__DATA PROVIDED__
::::::::
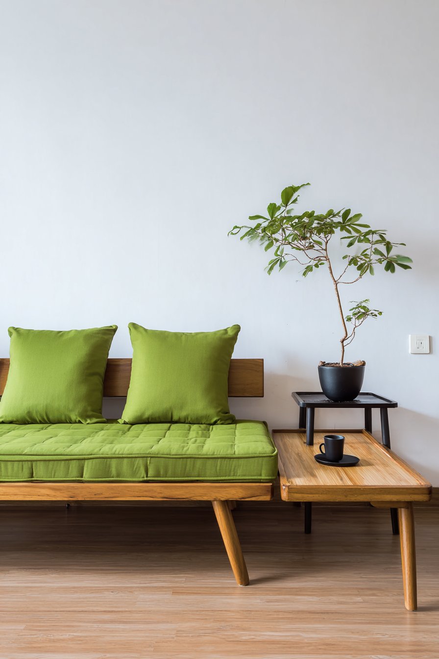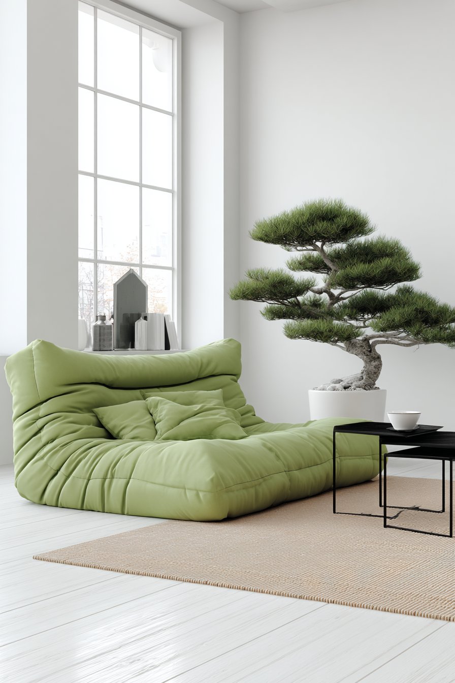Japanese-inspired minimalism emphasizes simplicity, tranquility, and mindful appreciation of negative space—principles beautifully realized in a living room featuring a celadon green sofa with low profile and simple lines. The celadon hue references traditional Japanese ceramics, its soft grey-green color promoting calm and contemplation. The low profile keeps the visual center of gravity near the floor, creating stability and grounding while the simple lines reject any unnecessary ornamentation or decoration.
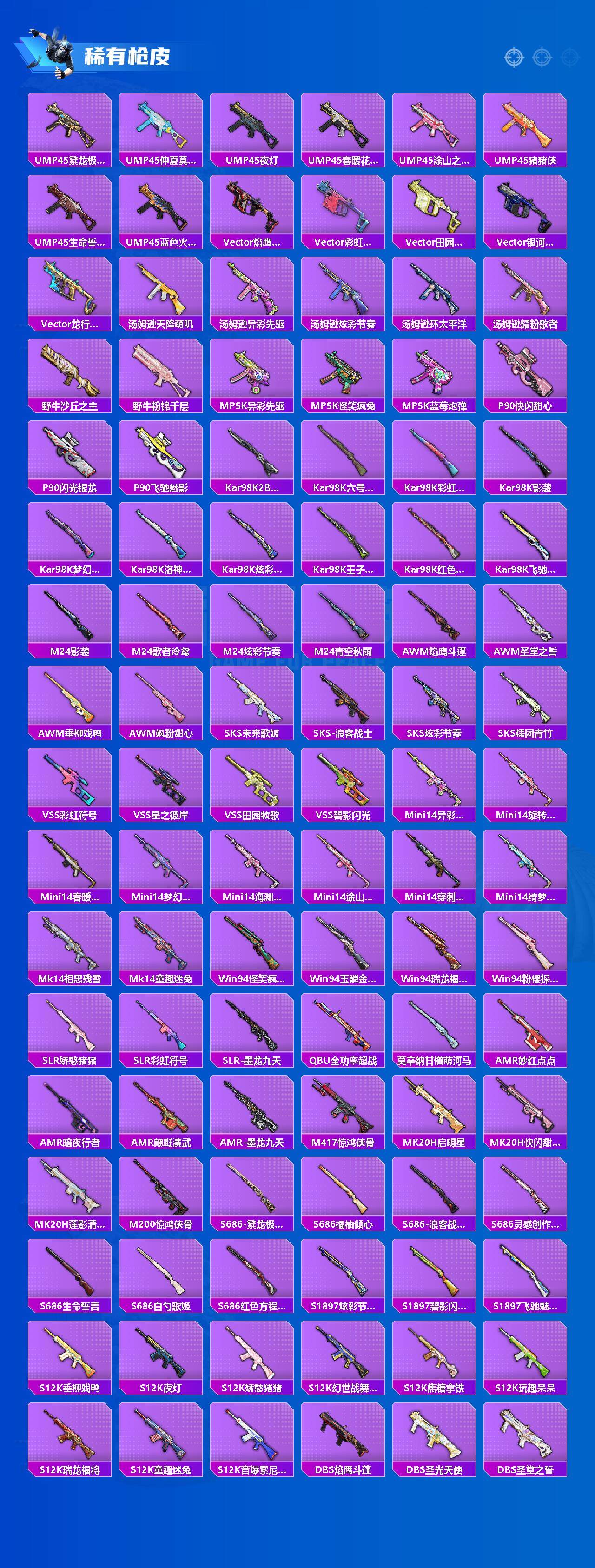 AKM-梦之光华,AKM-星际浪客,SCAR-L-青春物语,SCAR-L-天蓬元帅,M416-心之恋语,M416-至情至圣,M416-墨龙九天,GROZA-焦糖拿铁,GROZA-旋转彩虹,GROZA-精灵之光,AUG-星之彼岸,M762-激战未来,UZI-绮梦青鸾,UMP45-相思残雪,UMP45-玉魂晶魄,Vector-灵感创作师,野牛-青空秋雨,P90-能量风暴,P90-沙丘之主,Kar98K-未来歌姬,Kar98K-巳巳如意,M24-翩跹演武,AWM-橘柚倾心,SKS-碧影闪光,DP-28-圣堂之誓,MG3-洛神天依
::::::::
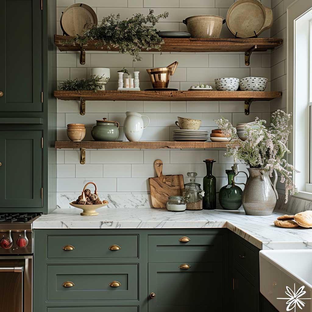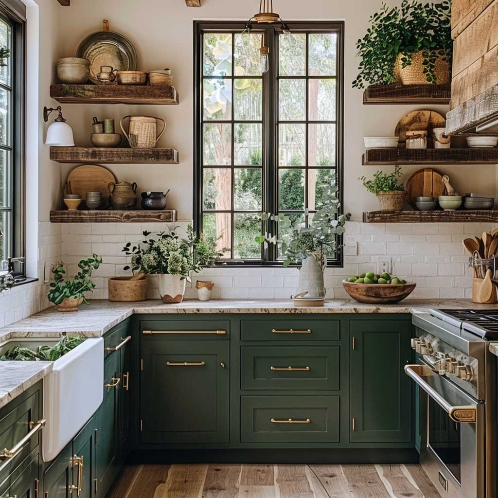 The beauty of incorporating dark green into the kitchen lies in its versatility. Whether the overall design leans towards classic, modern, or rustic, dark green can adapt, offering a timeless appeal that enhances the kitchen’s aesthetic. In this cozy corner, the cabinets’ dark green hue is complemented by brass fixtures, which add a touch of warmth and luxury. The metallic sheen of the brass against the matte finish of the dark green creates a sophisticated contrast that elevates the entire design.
::::::::
__TASK PROMPT__
Print exactly the lines above that run from the one with "Japanese-inspired minimalism emphasizes" to the one with "AKM-梦之光华,AKM-星", both included. No pictures.

__EXPECTED ANSWER__
Japanese-inspired minimalism emphasizes simplicity, tranquility, and mindful appreciation of negative space—principles beautifully realized in a living room featuring a celadon green sofa with low profile and simple lines. The celadon hue references traditional Japanese ceramics, its soft grey-green color promoting calm and contemplation. The low profile keeps the visual center of gravity near the floor, creating stability and grounding while the simple lines reject any unnecessary ornamentation or decoration.
 AKM-梦之光华,AKM-星际浪客,SCAR-L-青春物语,SCAR-L-天蓬元帅,M416-心之恋语,M416-至情至圣,M416-墨龙九天,GROZA-焦糖拿铁,GROZA-旋转彩虹,GROZA-精灵之光,AUG-星之彼岸,M762-激战未来,UZI-绮梦青鸾,UMP45-相思残雪,UMP45-玉魂晶魄,Vector-灵感创作师,野牛-青空秋雨,P90-能量风暴,P90-沙丘之主,Kar98K-未来歌姬,Kar98K-巳巳如意,M24-翩跹演武,AWM-橘柚倾心,SKS-碧影闪光,DP-28-圣堂之誓,MG3-洛神天依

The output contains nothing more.